▶ **TASK TO CARRY OUT**
A faithful copy of the data, pictures omitted, is the required answer.

Dataset items
○ ○ ○ ○ ○ ○ ○

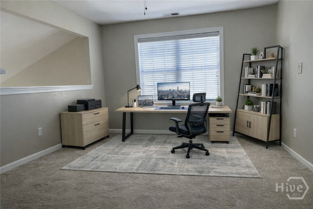 Highly sought after and well-maintained gated community at The Gates at Savannah Quarters w/low HOA fees! This home is 3-bedroom, 2.5-bath two-story home featuring formal dining room, spacious family room, perfect for comfortable living and entertaining. Kitchen offers SS Appliances w/refrigerator, granite countertops and pantry, separate laundry room w/additional oversized pantry/closet and coat closet. The main floor primary bedroom suite provides privacy, complete w/generous en-suite bath and walk-in closet. Upstairs, a versatile loft-ideal for a home office, media space, or play area, two (2) bedrooms and a large full bathroom. This home also features a double garage and ample attic storage. Enjoy exceptional community amenities including a clubhouse, pool, playground and RV/Boat storage. Within walking distance is a dog park just outside the rear gate, making this an ideal location for pet lovers. All of this is conveniently located just minutes from Pooler's premier shopping, dining, and easy access to I-16 and I-95. A must-see home in one of the area's most desirable neighborhoods!
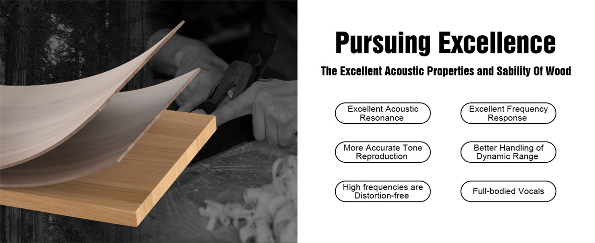 - Puun akustiset edut: Luonnollinen resonanssi parantaa matalien taajuuksien toistoa ja selkeyttä myös korkeilla äänenvoimakkuuksilla.
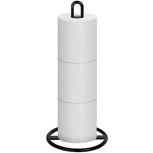 KASUNTO Toilet Paper Holder for Bathroom, Metal Free Standing Toilet Paper Storage with Rustproof, Tissue Paper Roll Stand for Bathroom Accessories (Black)
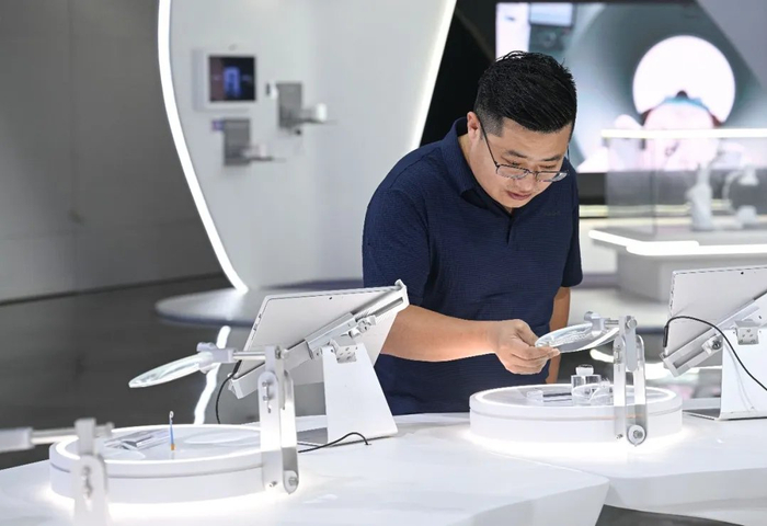 观众在海南自贸港重点园区——博鳌乐城国际医疗旅游先行区观看“永不落幕”国际创新药械展(2025年10月27日摄)。新华社记者 蒲晓旭 摄
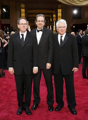 Producers Albert Berger (L) and Ron Yerxa (R) pose with screenwriter Bob Nelson from the film "Nebraska" arrive at the 86th Academy Awards in Hollywood, California March 2, 2014.
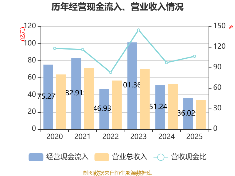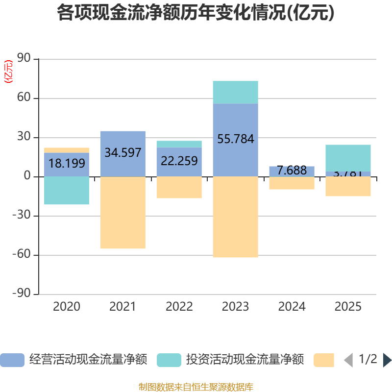 截至2025年,公司经营活动现金流净额为3.78亿元,同比下降50.81%;筹资活动现金流净额-15.13亿元,同比减少5.56亿元;投资活动现金流净额20.42亿元,上年同期为-3377.83万元。
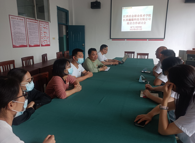 2022年6月13日上午,江西瀚德科技有限公司副总经理杨德会一行四人来学院考察。客人参观了黄辉大师工作室、丁宇宁名师工作室、钳工实训室等实习实训场所,高度评价了学院的教学水平,并表示,愿意进行校企合作,共建人才培养新模式。电气工程学院院长黄锦文等接待了杨德会一行。双方就校企合作进行了研讨交流。
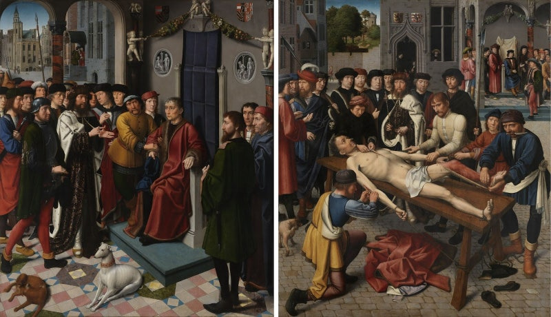작품의 왼쪽 패널에서는 판사가 왕좌에 앉아 판결을 내리는 장면이 그려져 있습니다. 이 장면은 권위와 정의의 상징으로 해석될 수 있습니다. 반면 오른쪽 패널에서는 처벌을 받는 인물이 등장하며, 이는 부정의 대가를 상징적으로 나타냅니다. 이러한 대조는 관객에게 강한 인상을 남깁니다.
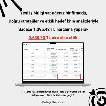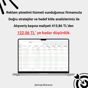 Hedef kitlenize ulaşmak ve satışlarınızı artırmak için profesyonel reklam yönetimi hizmeti sunuyorum. Doğru hedefleme ile daha fazla müşteriye ulaşın. Etkili içeriklerle dikkat çekin. Optimizasyon ve analizle reklam bütçenizi en verimli şekilde kullanın.
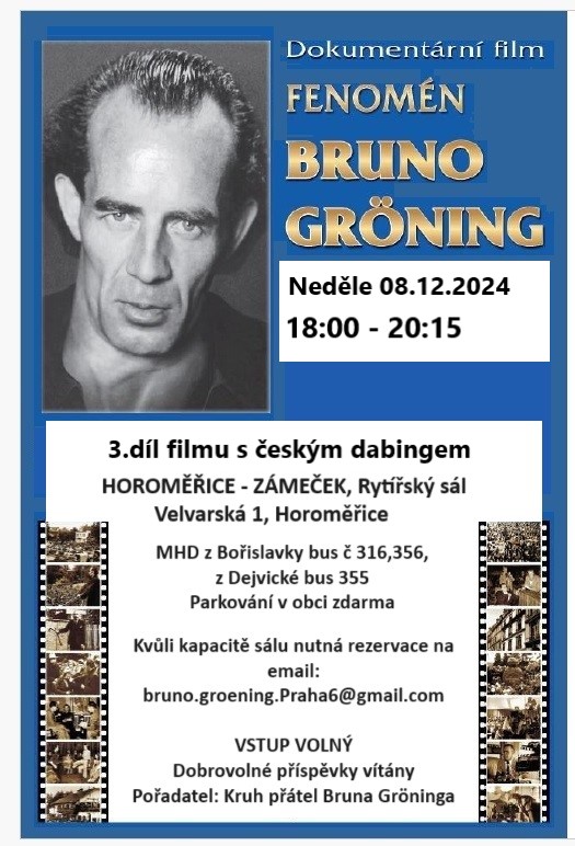 Klub přátel Bruna Gröninga Vás zve na dokumentární film, který se zabývá poslední částí života léčitele Bruno Gröninga. Jde o částečně hraný film, kde jsou zařazeny i výpovědi svědků doby.
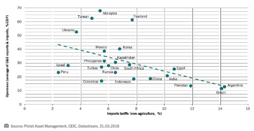 One obstacle is that Brazil and Argentina currently have the highest import tariffs (14.1% and 14.3% respectively, excluding agricultural products) and are also fairly closed economies (see Fig.2).
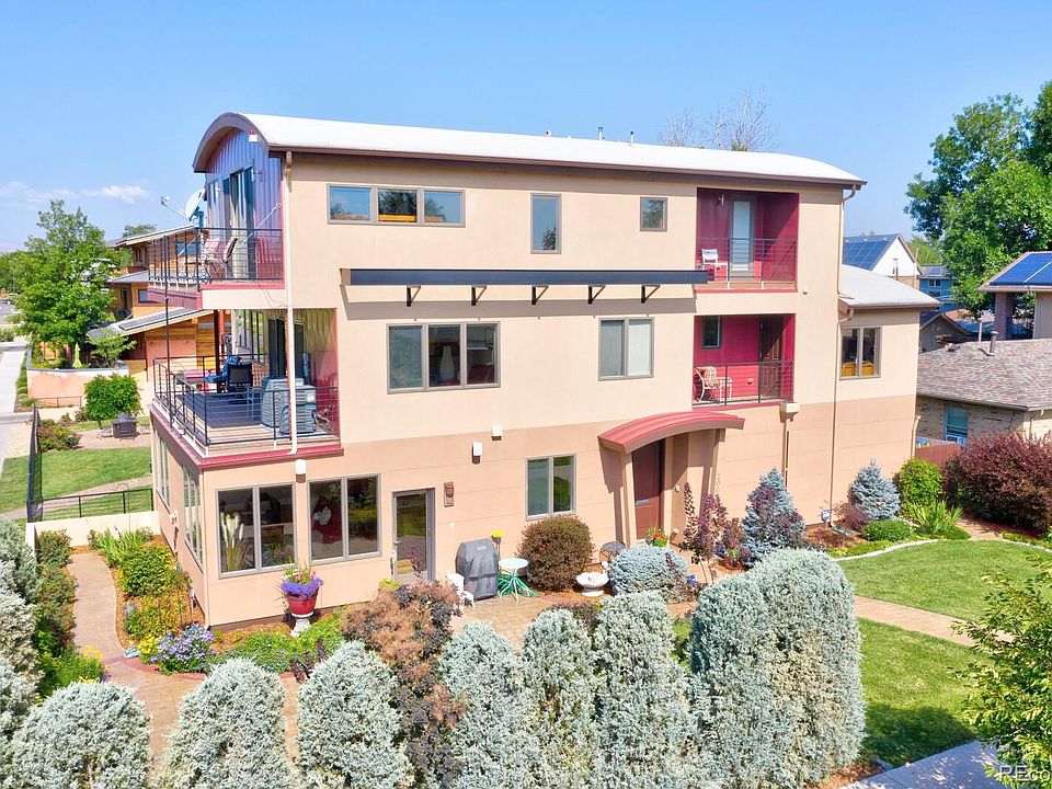 Unparalleled views of lake, park, mountains, city of Denver and Pike's Peak during the day. In the evenings you see the lights of downtown, stars and all shapes of the moon. Showcasing 3 levels of spacious openness is ideal for comfortable family living and perfect year-around entertaining. The main floor is open living for the kitchen, dining and living room (with ½ bath and large pantry) with large windows on 3 sides. This opens up into a secluded tree lined stucco walled ¾'s enclosed al fresco patio. Choose to sit in either direct sun or in the shade allows for meals throughout the day and into the evening. 2nd floor has a large covered deck for free entertainment from thanks to the unobstructed view of the park and all the fun happening there. The large entertainment room is perfect for TV watching and backup wet bar that makes snacks a breeze. There are 3 bedrooms on this floor with a Jack & Jill bathroom and a lovely east-facing deck shared between these 2 bedrooms--perfect for enjoying your morning coffee. 3rd floor master suite has walk-in-shower for 2, free-standing tub for 2, his and her closets, 11' wood beam ceilings, 8' tall patio doors south facing, yet another deck with even better views, just to name a few extras. There is a 2nd en-suite bedroom with an east facing deck, walk in closet and ¾'s bathroom on the 3rd floor as well. A few extras that you will find is a separate entrance on corner lot, 220v in over-sized garage, virtual silence from other unit, shelving in garage, gated overflow space for toys/tools/ladders/etc, and a home that is very energy efficient. Located close to downtown Denver (less than a mile), 1st Frisco exit is 1 hour away, light rail is 1 mile, breweries within walking distance, grocery stores,Target, Alamo Movie theatre and Little Man Ice Cream shop on Colfax. Listing agent is licensed in the state of Colorado and acting as a principal in this transaction.
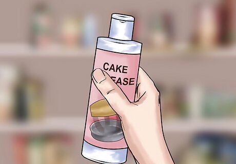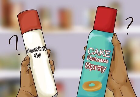 Choose a cake release spray. Look for a cake release spray that contains flour and oil as it's main ingredients. You'll also notice stabilizers and propellants which will extend the shelf life of the spray and help it spray out of the can. You can also look for a cooking oil spray that doesn't contain the flour. If you use a cooking oil spray (like a canola or vegetable oil spray), avoid using it on nonstick baking pans. The oil will become sticky after baking on the nonstick surface.
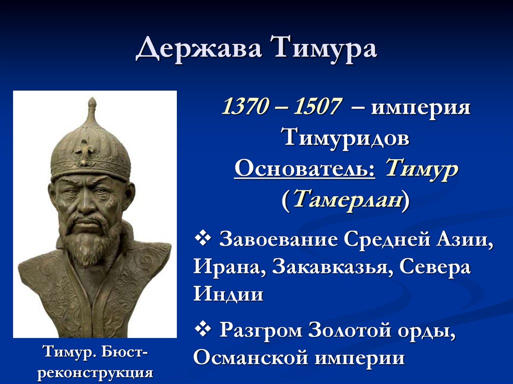 1370 – 1507 – империяТимуридов

○ ○ ○ ○ ○ ○ ○

▶ **REPLY**
 Highly sought after and well-maintained gated community at The Gates at Savannah Quarters w/low HOA fees! This home is 3-bedroom, 2.5-bath two-story home featuring formal dining room, spacious family room, perfect for comfortable living and entertaining. Kitchen offers SS Appliances w/refrigerator, granite countertops and pantry, separate laundry room w/additional oversized pantry/closet and coat closet. The main floor primary bedroom suite provides privacy, complete w/generous en-suite bath and walk-in closet. Upstairs, a versatile loft-ideal for a home office, media space, or play area, two (2) bedrooms and a large full bathroom. This home also features a double garage and ample attic storage. Enjoy exceptional community amenities including a clubhouse, pool, playground and RV/Boat storage. Within walking distance is a dog park just outside the rear gate, making this an ideal location for pet lovers. All of this is conveniently located just minutes from Pooler's premier shopping, dining, and easy access to I-16 and I-95. A must-see home in one of the area's most desirable neighborhoods!
 - Puun akustiset edut: Luonnollinen resonanssi parantaa matalien taajuuksien toistoa ja selkeyttä myös korkeilla äänenvoimakkuuksilla.
 KASUNTO Toilet Paper Holder for Bathroom, Metal Free Standing Toilet Paper Storage with Rustproof, Tissue Paper Roll Stand for Bathroom Accessories (Black)
 观众在海南自贸港重点园区——博鳌乐城国际医疗旅游先行区观看“永不落幕”国际创新药械展(2025年10月27日摄)。新华社记者 蒲晓旭 摄
 Producers Albert Berger (L) and Ron Yerxa (R) pose with screenwriter Bob Nelson from the film "Nebraska" arrive at the 86th Academy Awards in Hollywood, California March 2, 2014.
 截至2025年,公司经营活动现金流净额为3.78亿元,同比下降50.81%;筹资活动现金流净额-15.13亿元,同比减少5.56亿元;投资活动现金流净额20.42亿元,上年同期为-3377.83万元。
 2022年6月13日上午,江西瀚德科技有限公司副总经理杨德会一行四人来学院考察。客人参观了黄辉大师工作室、丁宇宁名师工作室、钳工实训室等实习实训场所,高度评价了学院的教学水平,并表示,愿意进行校企合作,共建人才培养新模式。电气工程学院院长黄锦文等接待了杨德会一行。双方就校企合作进行了研讨交流。
작품의 왼쪽 패널에서는 판사가 왕좌에 앉아 판결을 내리는 장면이 그려져 있습니다. 이 장면은 권위와 정의의 상징으로 해석될 수 있습니다. 반면 오른쪽 패널에서는 처벌을 받는 인물이 등장하며, 이는 부정의 대가를 상징적으로 나타냅니다. 이러한 대조는 관객에게 강한 인상을 남깁니다.
 Hedef kitlenize ulaşmak ve satışlarınızı artırmak için profesyonel reklam yönetimi hizmeti sunuyorum. Doğru hedefleme ile daha fazla müşteriye ulaşın. Etkili içeriklerle dikkat çekin. Optimizasyon ve analizle reklam bütçenizi en verimli şekilde kullanın.
 Klub přátel Bruna Gröninga Vás zve na dokumentární film, který se zabývá poslední částí života léčitele Bruno Gröninga. Jde o částečně hraný film, kde jsou zařazeny i výpovědi svědků doby.
 One obstacle is that Brazil and Argentina currently have the highest import tariffs (14.1% and 14.3% respectively, excluding agricultural products) and are also fairly closed economies (see Fig.2).
 Unparalleled views of lake, park, mountains, city of Denver and Pike's Peak during the day. In the evenings you see the lights of downtown, stars and all shapes of the moon. Showcasing 3 levels of spacious openness is ideal for comfortable family living and perfect year-around entertaining. The main floor is open living for the kitchen, dining and living room (with ½ bath and large pantry) with large windows on 3 sides. This opens up into a secluded tree lined stucco walled ¾'s enclosed al fresco patio. Choose to sit in either direct sun or in the shade allows for meals throughout the day and into the evening. 2nd floor has a large covered deck for free entertainment from thanks to the unobstructed view of the park and all the fun happening there. The large entertainment room is perfect for TV watching and backup wet bar that makes snacks a breeze. There are 3 bedrooms on this floor with a Jack & Jill bathroom and a lovely east-facing deck shared between these 2 bedrooms--perfect for enjoying your morning coffee. 3rd floor master suite has walk-in-shower for 2, free-standing tub for 2, his and her closets, 11' wood beam ceilings, 8' tall patio doors south facing, yet another deck with even better views, just to name a few extras. There is a 2nd en-suite bedroom with an east facing deck, walk in closet and ¾'s bathroom on the 3rd floor as well. A few extras that you will find is a separate entrance on corner lot, 220v in over-sized garage, virtual silence from other unit, shelving in garage, gated overflow space for toys/tools/ladders/etc, and a home that is very energy efficient. Located close to downtown Denver (less than a mile), 1st Frisco exit is 1 hour away, light rail is 1 mile, breweries within walking distance, grocery stores,Target, Alamo Movie theatre and Little Man Ice Cream shop on Colfax. Listing agent is licensed in the state of Colorado and acting as a principal in this transaction.
 Choose a cake release spray. Look for a cake release spray that contains flour and oil as it's main ingredients. You'll also notice stabilizers and propellants which will extend the shelf life of the spray and help it spray out of the can. You can also look for a cooking oil spray that doesn't contain the flour. If you use a cooking oil spray (like a canola or vegetable oil spray), avoid using it on nonstick baking pans. The oil will become sticky after baking on the nonstick surface.
 1370 – 1507 – империяТимуридов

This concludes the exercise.